Il programma delle sezioni competitive presenta 7 lungometraggi, tutti in anteprima nazionale, per il concorso di Nuove Visioni: un gruppo di perle preziose provenienti da Francia, Germania, Spagna, USA, Brasile e Taiwan, una costante sfida alle aspettative del pubblico che, messo di fronte all’apparente promessa di alcuni formati classici (il documentario biografico, il film d’archivio, la commedia grottesca, la love story, il programma televisivo, l’horror trash), vedrà molte delle sue certezze sgretolarsi. Qual è il confine tra riconoscibilità e irriconoscibilità? Fra sicurezza di sé e desiderio di perdersi? Se ognuno dei film del concorso internazionale di lungometraggi del Sicilia Queer filmfest 2025 è ascrivibile a un genere o a un formato, ognuna di queste 7 esperienze si diletta a deformare quel genere o formato dall’interno, offrendo prospettive che rivelano anche il lato più scomodo e mostruoso delle nostre illusioni.

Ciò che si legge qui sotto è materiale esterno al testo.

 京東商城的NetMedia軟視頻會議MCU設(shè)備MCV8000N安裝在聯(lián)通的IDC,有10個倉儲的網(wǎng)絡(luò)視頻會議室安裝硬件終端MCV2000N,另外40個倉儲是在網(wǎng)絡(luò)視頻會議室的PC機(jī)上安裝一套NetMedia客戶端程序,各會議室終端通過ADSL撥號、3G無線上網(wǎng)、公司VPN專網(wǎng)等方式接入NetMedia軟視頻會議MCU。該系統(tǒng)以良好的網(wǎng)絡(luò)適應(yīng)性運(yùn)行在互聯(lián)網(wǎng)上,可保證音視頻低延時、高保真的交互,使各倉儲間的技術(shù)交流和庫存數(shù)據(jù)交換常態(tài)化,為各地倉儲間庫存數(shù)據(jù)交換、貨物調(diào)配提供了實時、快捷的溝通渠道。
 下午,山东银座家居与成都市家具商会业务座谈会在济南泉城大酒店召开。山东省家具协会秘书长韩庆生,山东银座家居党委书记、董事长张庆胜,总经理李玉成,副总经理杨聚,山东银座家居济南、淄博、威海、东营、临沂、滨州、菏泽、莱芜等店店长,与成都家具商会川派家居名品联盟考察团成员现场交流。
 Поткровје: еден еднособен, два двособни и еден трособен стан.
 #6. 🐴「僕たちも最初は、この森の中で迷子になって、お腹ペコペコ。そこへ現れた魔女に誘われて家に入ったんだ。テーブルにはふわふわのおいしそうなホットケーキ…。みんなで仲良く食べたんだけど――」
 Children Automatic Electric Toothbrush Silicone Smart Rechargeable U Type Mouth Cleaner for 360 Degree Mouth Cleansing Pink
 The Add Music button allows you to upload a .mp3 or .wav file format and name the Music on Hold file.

A Body To Live In di Angelo Madsen, documentario sul body artist del piercing Roland Loomis, rivela le controversie scomode del suo protagonista smentendo la biografia agiografica; Anapidae (Appelle-moi) di Mathieu Morel, dramma horror della necrofilia, getta alcuni dei vezzi del cinema francese contemporaneo di genere in una patina sgraziata e imprevista; La limace et l’escargot di Anne Benhaïem, storia d’amore di due invisibili della società, trova l’amore dove nessuno vuole guardare; Salomé di André Antônio è la grande recita drag di una favola biblica; Das Schiffbruch-Triptychon di Deniz Eroglu, antologia di tre racconti d’orrore politico, trova modi diversi per raccontare la perenne e ben nota capacità delle superstizioni di separare e di seminare odio; Te separas mucho di Paula Veleiro, film di archivi privati ed effimeri, lancia il sospetto che le immagini dove vediamo nostalgia potrebbero far germinare un pericoloso auto-inganno; e infine The Trio Hall di Su Hui-yu riscrive il concetto di parodia sfiorando la più destabilizzante forma di anarchia.

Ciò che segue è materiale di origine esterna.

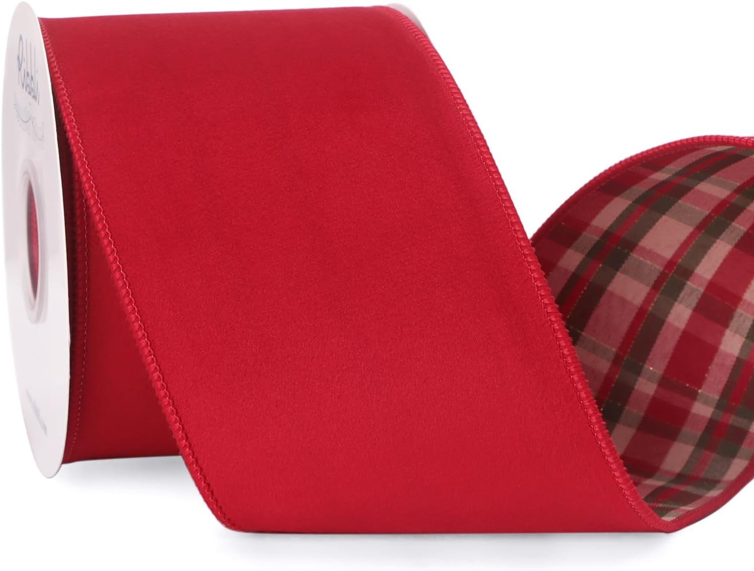 Ribbli matte velvet with plaid wired ribbon perfect for you to make DIY project: gift wrapping, big bow, wreath, Christmas tree decoration, indoor decoration, Christmas home decor, party decoration. velvet ribbons are essential for the Christmas season.
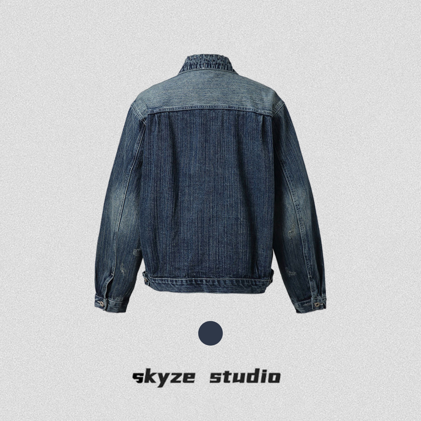 Skyze Studio空溯实验室复古水洗牛仔外套男宽松翻领短款潮流夹克

Il concorso è presieduto da una giuria internazionale, composta da Marco Müller, Lionel Baier, Milena Czernovsky, Elene Naveriani e Nele Wohlatz; un premio volto alla promozione e alla diffusione cinematografica nel territorio siciliano sarà assegnato dalla giuria Circuito Festival, composta da João Ferreira (direttore artistico Queer Lisboa), Giulio Casadei (direttore artistico Festival du Cinéma de Brive) e Sheila Melosu (project manager SiciliAmbiente Film Festival).
La biografia di Anne Benhaïem
Anne Benhaïem è nata nel 1964 a Parigi. Dopo aver studiato filosofia e cinema a Paris 8, parallelamente a seguire corsi di canto classico, nel 1987 entra a far parte della scuola di cinema La Fémis e si laurea nel 1990 con il suo film di diploma Les Liens.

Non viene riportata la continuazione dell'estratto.